The savvy planner will take tax considerations into account when moving forward with an estate plan. The following will help provide a basic understanding of how state and federal tax obligations could impact the plan.
Step 1: Consider state tax obligations
It is important to research each state’s take on taxation of trusts. This step is relatively easy for those who live in Florida. In most cases, Florida state taxing authorities do not tax trusts.
Step 2: Consider federal tax obligations
The Internal Revenue Service (IRS) may expect the trust to pay taxes. When it comes to income taxes, the IRS generally breaks down grantor trusts in one of two categories:
- Revocable. This type of trust allows the grantor to retain control of the assets within the trust. As such, the assets are taxed as part of the grantor’s estate.
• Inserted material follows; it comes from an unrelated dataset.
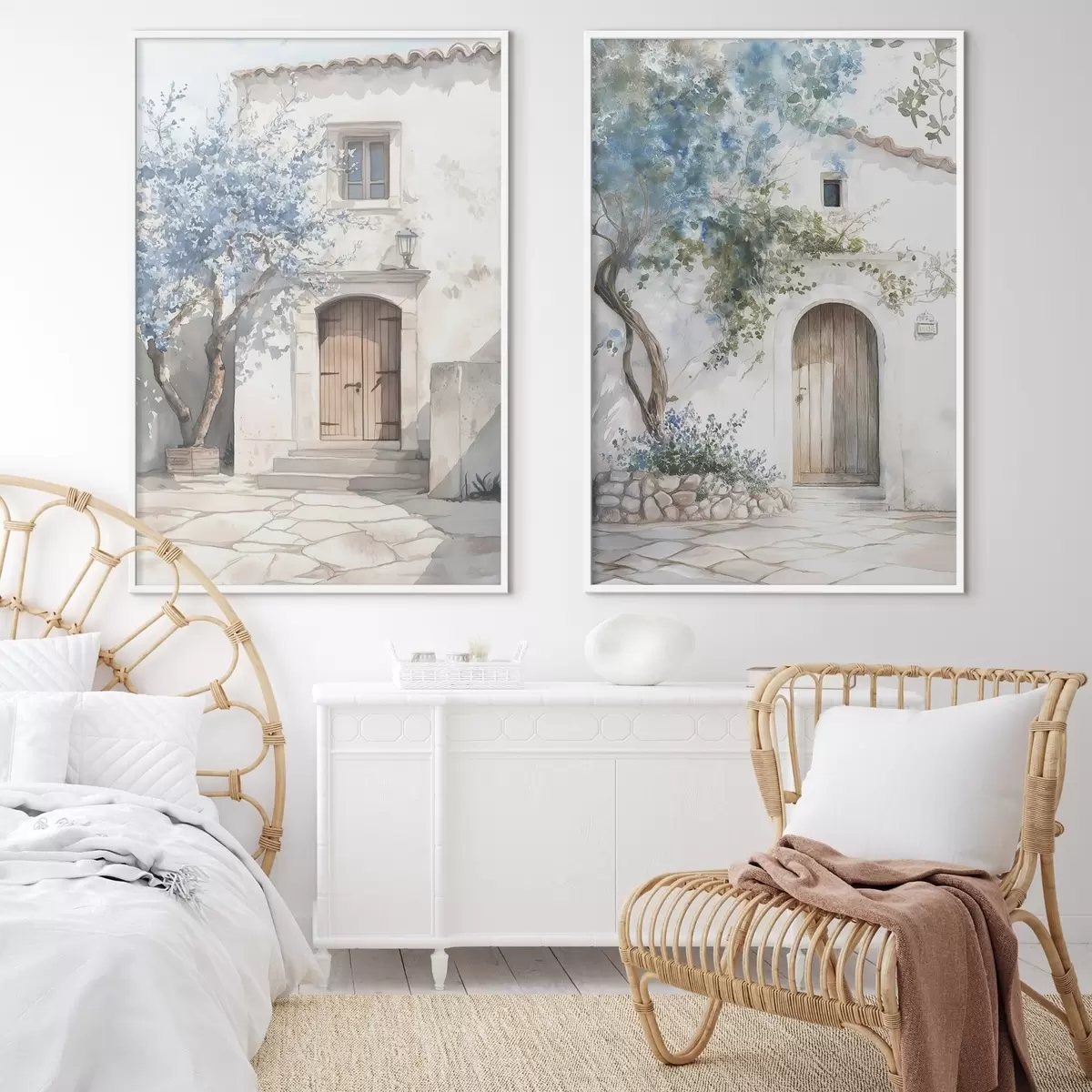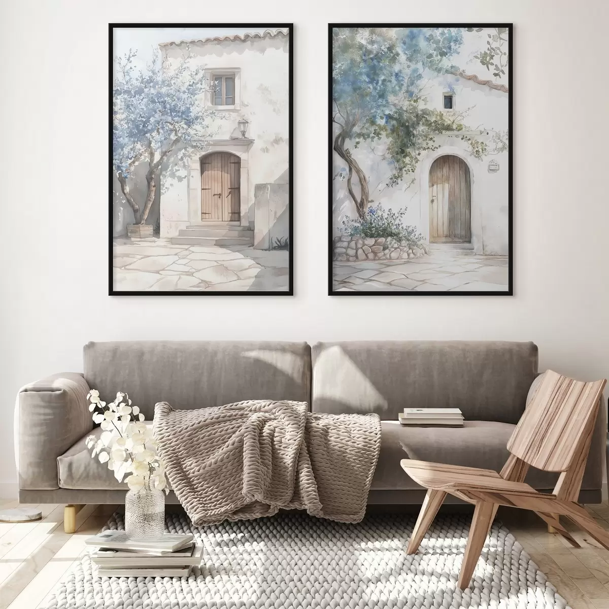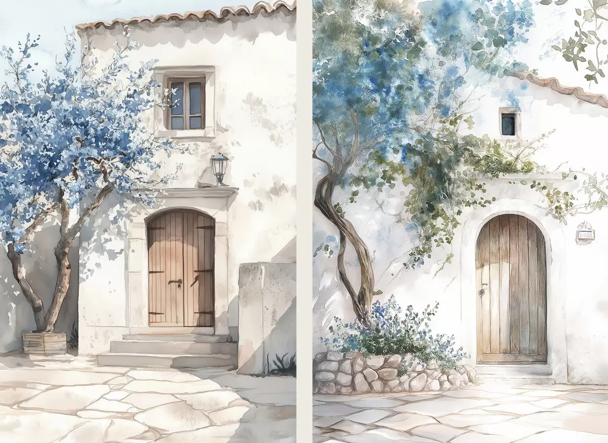 Poster Görög fehér házak, virágzó fákkal, mediterrán, akvarell stílusú rajz Nr d00419

- Irrevocable. The IRS generally views this type of trust as a separate legal entity. As such, it may require its own tax return. The specifics depend on the trust’s provisions and the nature of the income.
The exact impact of taxes on trusts depends on the details of each individual situation.
Step 3: Careful planning can help you make the most of the benefits of a trust
In Florida, trusts can offer a strategic advantage for estate planning, potentially saving significant amounts in federal estate taxes through careful planning and utilization of exemptions. For beneficiaries, the impact on income taxes depends largely on the structure of the trust and how it distributes its income. Both grantors and beneficiaries are wise to understand these tax implications to effectively manage and plan their financial futures, better ensuring compliance with all relevant tax obligations while maximizing the benefits trusts can offer.